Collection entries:
========================

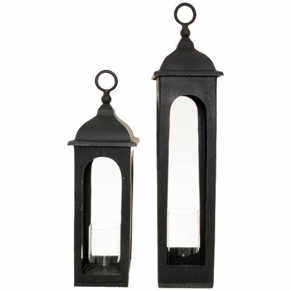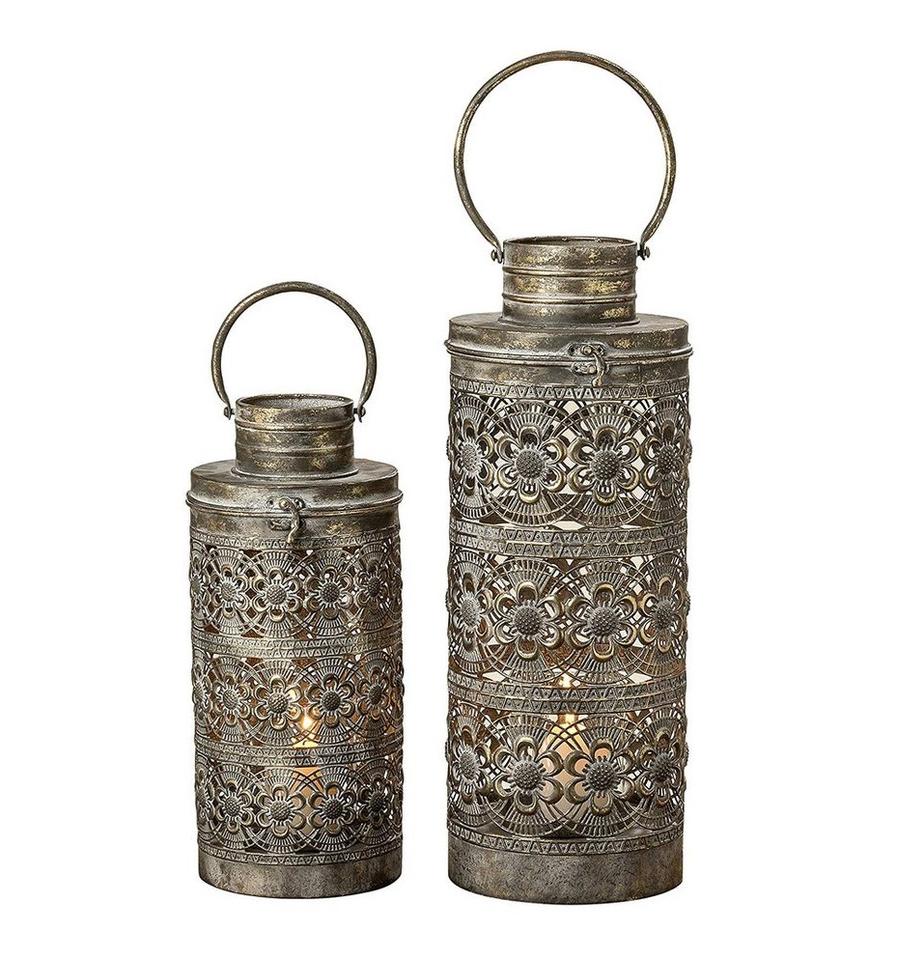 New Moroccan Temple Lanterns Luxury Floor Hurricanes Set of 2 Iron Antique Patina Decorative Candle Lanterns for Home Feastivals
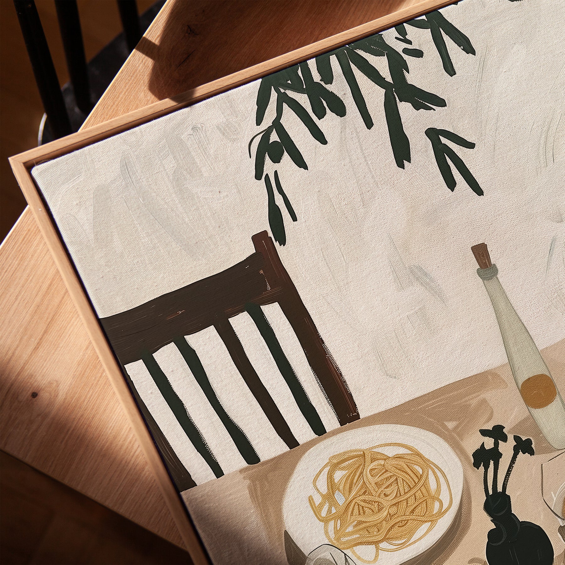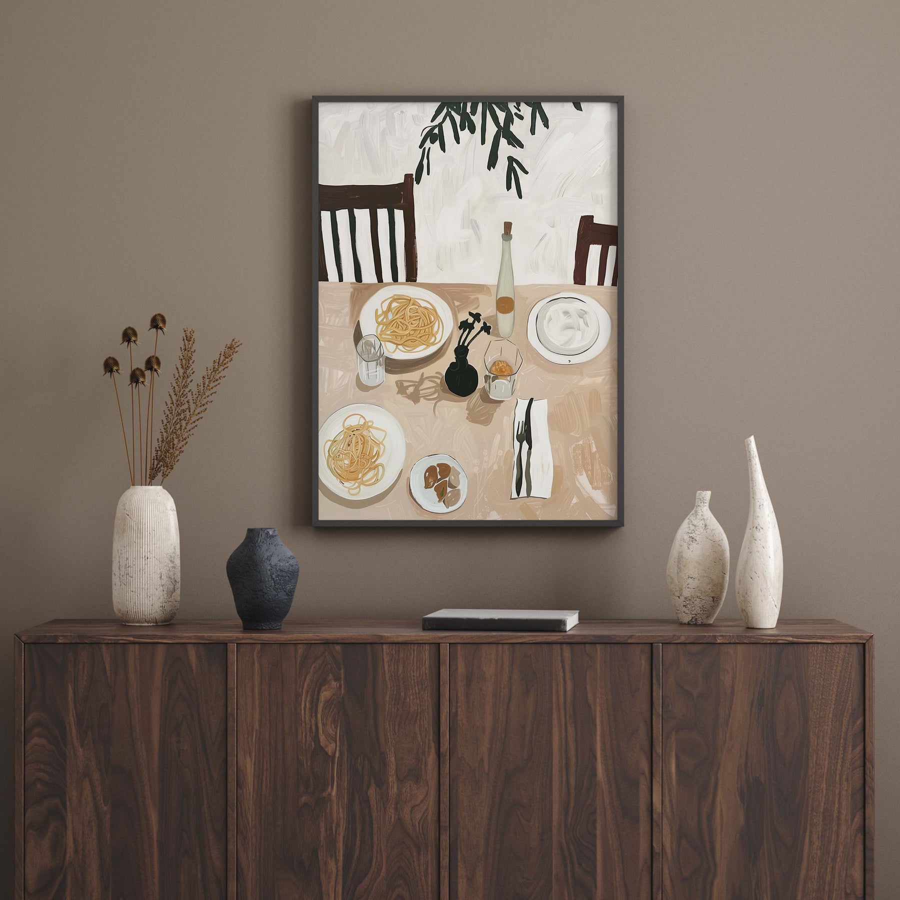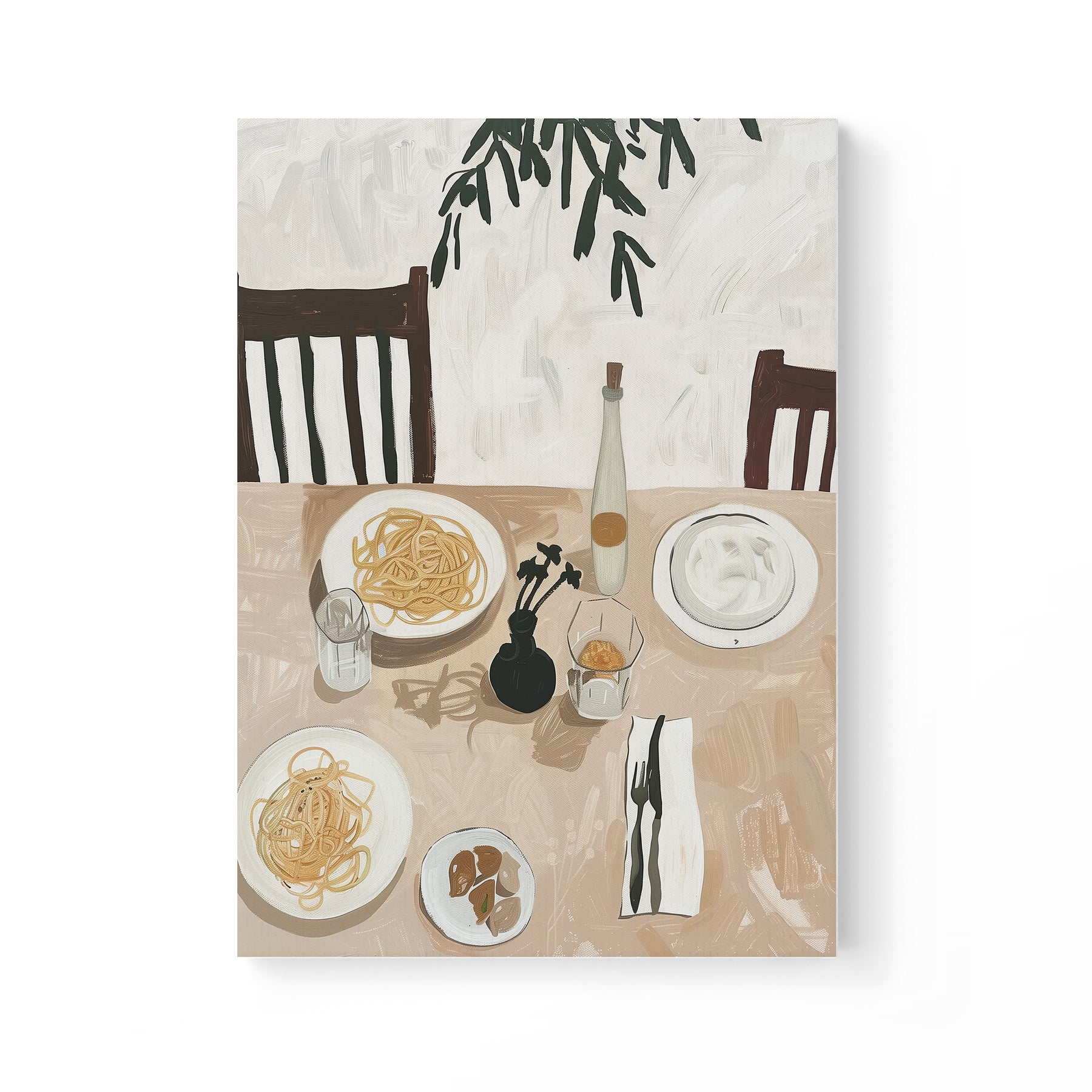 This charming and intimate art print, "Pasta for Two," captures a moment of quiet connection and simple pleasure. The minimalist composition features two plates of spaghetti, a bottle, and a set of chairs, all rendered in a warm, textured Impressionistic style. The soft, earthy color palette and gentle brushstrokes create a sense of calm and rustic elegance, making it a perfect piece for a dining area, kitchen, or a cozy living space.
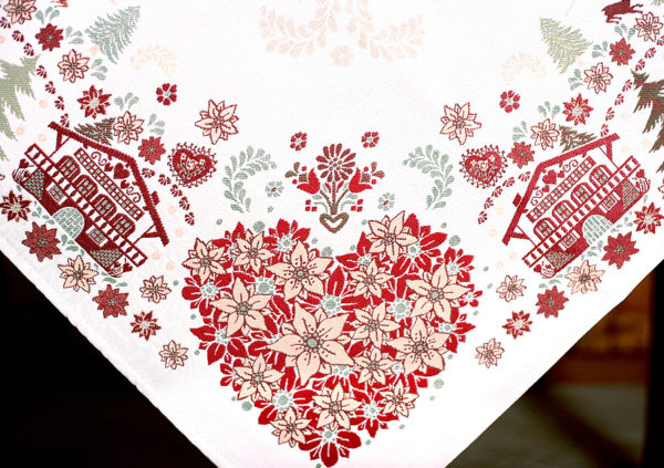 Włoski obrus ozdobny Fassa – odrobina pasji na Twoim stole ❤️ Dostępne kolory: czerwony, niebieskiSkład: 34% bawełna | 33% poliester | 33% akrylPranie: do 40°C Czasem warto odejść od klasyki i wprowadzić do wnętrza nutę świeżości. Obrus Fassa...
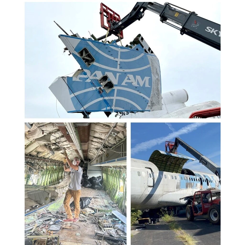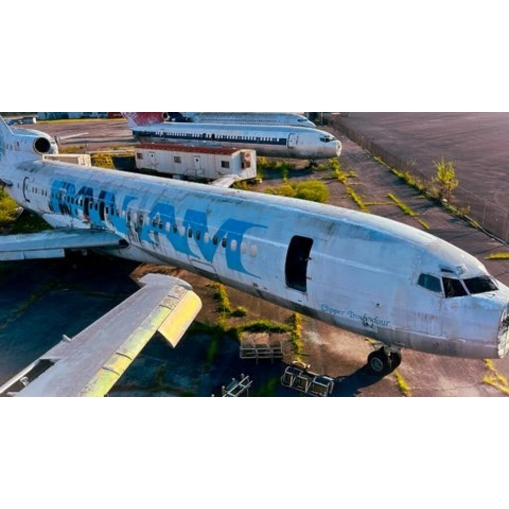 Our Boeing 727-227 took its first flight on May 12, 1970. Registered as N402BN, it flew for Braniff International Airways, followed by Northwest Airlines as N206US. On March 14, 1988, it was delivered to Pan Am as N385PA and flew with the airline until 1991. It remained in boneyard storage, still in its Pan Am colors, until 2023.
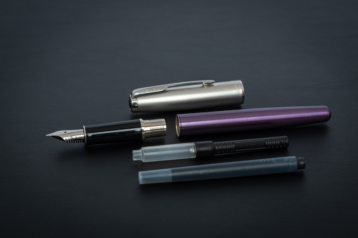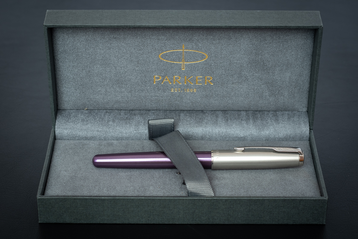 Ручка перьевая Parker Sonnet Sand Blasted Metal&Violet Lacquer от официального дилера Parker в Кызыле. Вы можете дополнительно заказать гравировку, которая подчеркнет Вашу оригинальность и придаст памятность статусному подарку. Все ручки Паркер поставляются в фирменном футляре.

========================

Activity: The expected output is each entry given again word for word, with pictures dropped.

Response:
 New Moroccan Temple Lanterns Luxury Floor Hurricanes Set of 2 Iron Antique Patina Decorative Candle Lanterns for Home Feastivals
 This charming and intimate art print, "Pasta for Two," captures a moment of quiet connection and simple pleasure. The minimalist composition features two plates of spaghetti, a bottle, and a set of chairs, all rendered in a warm, textured Impressionistic style. The soft, earthy color palette and gentle brushstrokes create a sense of calm and rustic elegance, making it a perfect piece for a dining area, kitchen, or a cozy living space.
 Włoski obrus ozdobny Fassa – odrobina pasji na Twoim stole ❤️ Dostępne kolory: czerwony, niebieskiSkład: 34% bawełna | 33% poliester | 33% akrylPranie: do 40°C Czasem warto odejść od klasyki i wprowadzić do wnętrza nutę świeżości. Obrus Fassa...
 Our Boeing 727-227 took its first flight on May 12, 1970. Registered as N402BN, it flew for Braniff International Airways, followed by Northwest Airlines as N206US. On March 14, 1988, it was delivered to Pan Am as N385PA and flew with the airline until 1991. It remained in boneyard storage, still in its Pan Am colors, until 2023.
 Ручка перьевая Parker Sonnet Sand Blasted Metal&Violet Lacquer от официального дилера Parker в Кызыле. Вы можете дополнительно заказать гравировку, которая подчеркнет Вашу оригинальность и придаст памятность статусному подарку. Все ручки Паркер поставляются в фирменном футляре.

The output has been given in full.